> **Directions**
Restate word for word the lines between the start of the material and the line with "Perfect for taller", keeping both of those ends and none of the pictures.

> **Source data**

<<<<

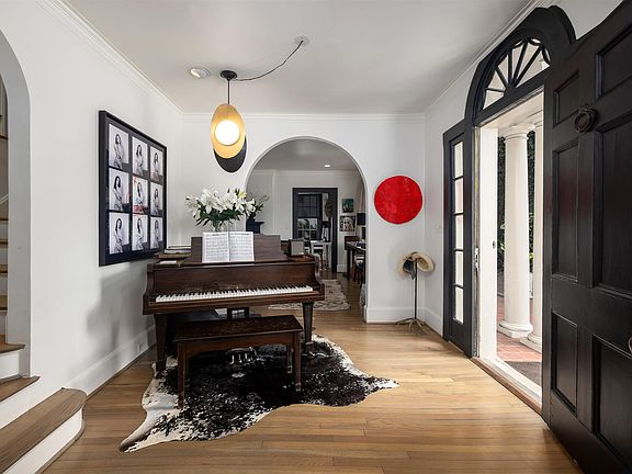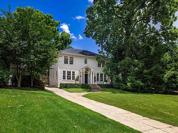 Nestled on one of Forest Park’s most sought-after streets, this elegant Georgian-style home blends timeless character with modern comfort. The main house offers 3 bedrooms and 3.5 baths, while a charming studio above the 2-car garage provides ideal space for guest quarters or a home office. Inside, a gracious foyer opens to a large dining room and spacious living room with fireplace and accordion doors to a stone patio. A cozy den adjoins the living room, and the kitchen features solid-surface counters, stainless appliances, and a wall of windows overlooking the landscaped backyard. The main level also includes a powder room and laundry with slate floors. Upstairs, the spacious primary suite boasts a dressing room, screened porch, and spa-like bathroom with heated floors, jetted soaking tub, double vanity, and a large picture window. Filled with natural light and enhanced by professionally designed stonework and gardens, this home also offers alley access at the rear.
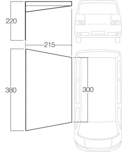 Perfect for taller vehicles such as motorhomes, with a height between 255 – 295cm, offering a lightweight, compact pack-size awning that offers a large living space to the side of the van.
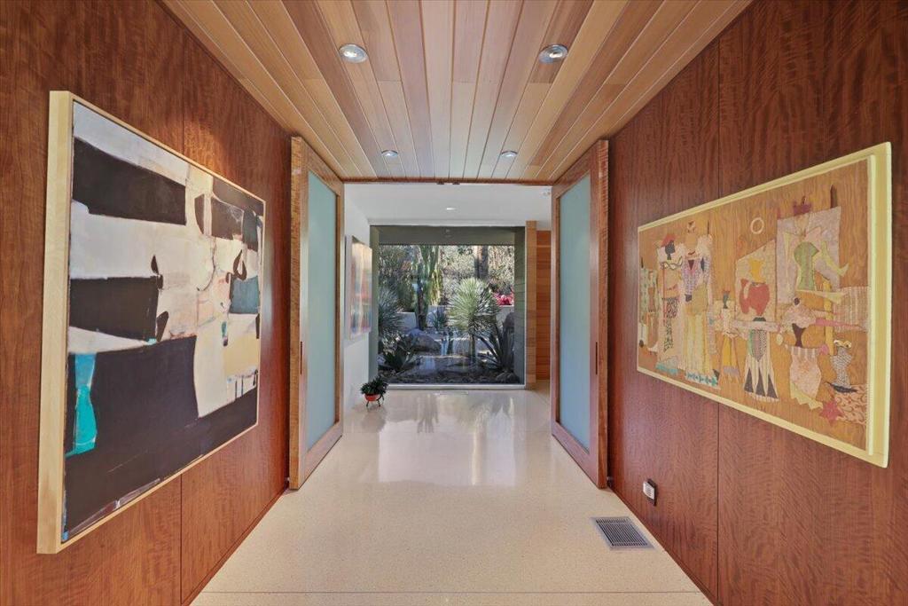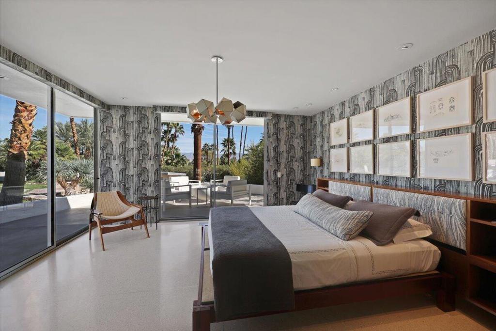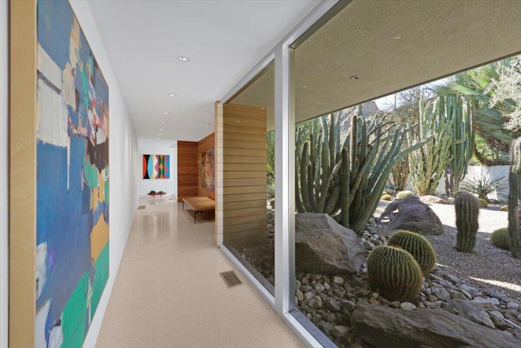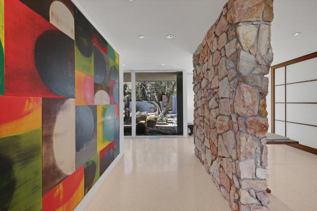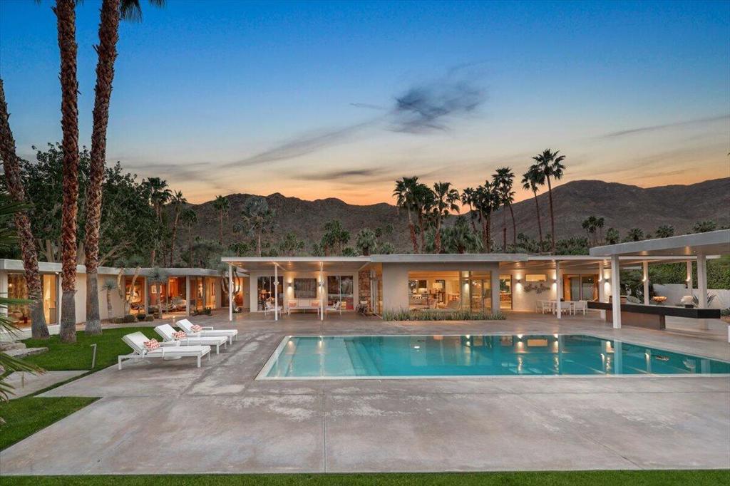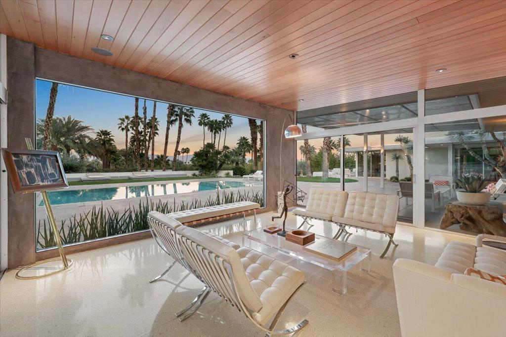 Extensively remodeled, restored and embellished by an owner with a keen eye for impeccable Mid-Century Modern design, this 1957 Thunderbird Heights estate in Rancho Mirage is available for the first time in more than 17 years. The turnkey residence includes premium furnishings, complete with vintage, bespoke and designer pieces. Walled and gated, private grounds extend approximately 32,670 square feet and cater to memorable entertaining with a zero-edge pool with Baja entry, spacious patios, a shade pavilion and sweeping mountain and valley views. Inspired landscaping reveals the talents of Marcello Villano, who has created stunning gardens including those at Jennifer Aniston's Bel Air home. Interiors framed in walls of glass measure nearly 4,900 square feet and host five bedrooms and five- and one-half baths. Renowned throughout the Coachella Valley, architect Howard Lapham created the single-level residence, which offers outstanding scale and impressive interiors from designer Sheldon Harte. Views to the backyard and beyond greet guests in the foyer, which introduces gallery-sized living areas with high ceilings, poured-in-place terrazzo flooring throughout, original stone walls, Venetian plaster and custom lighting. The living room displays a fireplace and beautiful vistas, an intimate den presents a walk-in wet bar and leather-paneled wall, and the kitchen blends period style with modern convenience. Details include cedar ceilings in select locations, furnishings from Knoll, Artemide light fixtures, glass tiles imported from Italy, and Kelly Wearstler wallpaper. Showcased on the pages of ELLE Decor, this era-defining home treats everyone to comfort and privacy. A detached two-room guest house is privately situated close to the outdoor amenities. The primary suite offers two bathrooms, a stainless-steel soaking tub, cork-lined dressing room, and an exterior patio with rain shower. The estate's exceptionally exclusive address within guard-gated Thunderbird Heights is moments from Thunderbird Country Club's famous 18-hole golf course, and only minutes from downtown Palm Springs, its international airport, and endless recreational opportunities across the valley.
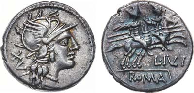 Серебро. 4,02г. Рим. Аверс: изображение головы Ромы в шлеме - вправо, сзади - круговая легенда "XVI". Реверс: изображение скачущих Диоскуров на лошадях - вправо, ниже легенда "L•IVI", под линией обреза "ROMA". Sear 100. XF+/AU.

>>>>

> **Reply to the exercise**
 Nestled on one of Forest Park’s most sought-after streets, this elegant Georgian-style home blends timeless character with modern comfort. The main house offers 3 bedrooms and 3.5 baths, while a charming studio above the 2-car garage provides ideal space for guest quarters or a home office. Inside, a gracious foyer opens to a large dining room and spacious living room with fireplace and accordion doors to a stone patio. A cozy den adjoins the living room, and the kitchen features solid-surface counters, stainless appliances, and a wall of windows overlooking the landscaped backyard. The main level also includes a powder room and laundry with slate floors. Upstairs, the spacious primary suite boasts a dressing room, screened porch, and spa-like bathroom with heated floors, jetted soaking tub, double vanity, and a large picture window. Filled with natural light and enhanced by professionally designed stonework and gardens, this home also offers alley access at the rear.
 Perfect for taller vehicles such as motorhomes, with a height between 255 – 295cm, offering a lightweight, compact pack-size awning that offers a large living space to the side of the van.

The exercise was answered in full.